体外受精技术使多胞胎的概率增加
Fertility technology in the United States has a huge influence on the frequency of twins, triplets, and other multiple births, according to new estimates published Dec. 5 in the New England Journal of Medicine. Dr. Eli Y. Adashi, professor of obstetrics and gynecology(妇产科) at Brown University, and his colleagues calculated that more than a third of twin births and more than three-quarters of triplets or higher-order births in the United States in 2011 were the result of fertility treatments. The proportion of triplets or more related to medical assistance has actually dropped from a peak of 84 percent in 1998 after in vitro fertilization (IVF) guidelines discouraging implantation of three or more embryos took effect that year, the study reports. IVF has also improved enough that single embryo transfers now often succeed in producing healthy pregnancies. But in the meantime, non-IVF fertility treatments such as ovarian stimulation and ovulation induction -- for instance, with the drug clomiphene citrate -- have increased to become the predominant(主要的) source of medically assisted multiple births in the country while IVF is increasingly producing twins.
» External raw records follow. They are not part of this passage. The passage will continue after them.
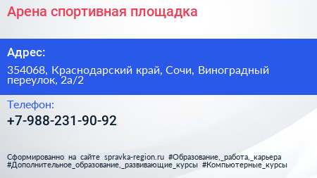 Арена, спортивная площадка по адресу 354068, Краснодарский край, Сочи, Виноградный переулок, 2а/2 в дальнейшем Организация, размещена в следующих категориях:
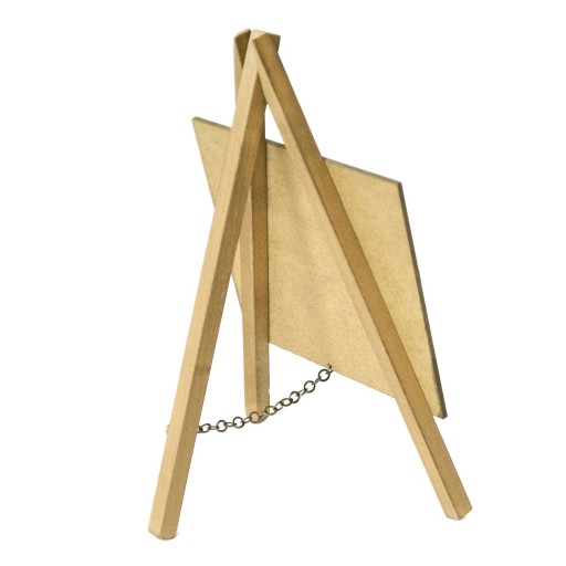 Stelarz tabliczki ma wygląd mini sztalugi i wykonany jest z naturalnego drewna pomalowanego na kolor brązowy.
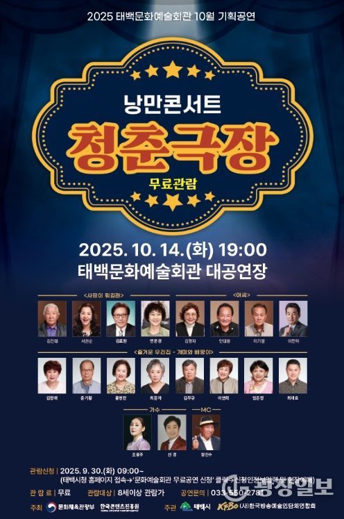 광장일보 이현나 기자 | 태백시는 오는 10월 14일 태백문화예술회관 기획공연 '2025 낭만콘서트 청춘극장'을 관객들에게 선보인다고 밝혔다.

Some mothers and couples may hope for twins through fertility treatments, Adashi said, but more often multiple births are not desired. In those cases, he said, the new parents and children incur unwarranted medical risk and long-term financial costs that doctors should strive to prevent.
"We do have a real problem with way too many multiple births in the United States with consequences to both mothers and babies," said Adashi, the study's senior author and former dean of the Warren Alpert Medical School of Brown University. "It's an unintended consequence of otherwise well intentioned and remarkable technology."
To arrive at their estimates, the team, including lead author Aniket Kulkarni of the U.S. Centers for Disease Control and Prevention, gathered data on multiple births from 1962 to 1966 (before any medical fertility treatments were available) and from 1971 through 2011. Data on IVF procedures has been available since 1997, but no data is available that directly reflects the contribution of non-IVF procedures to rates of multiple births.
The team therefore estimated the role of non-IVF technologies by subtracting the multiple births arising from IVF from the overall number of multiple births, while also accounting for the impact of maternal age(孕妇年龄) on birth plurality. The data from the 1960s, meanwhile, provided a statistical baseline for natural multiple birth rates without medical intervention that the team also used in their estimates.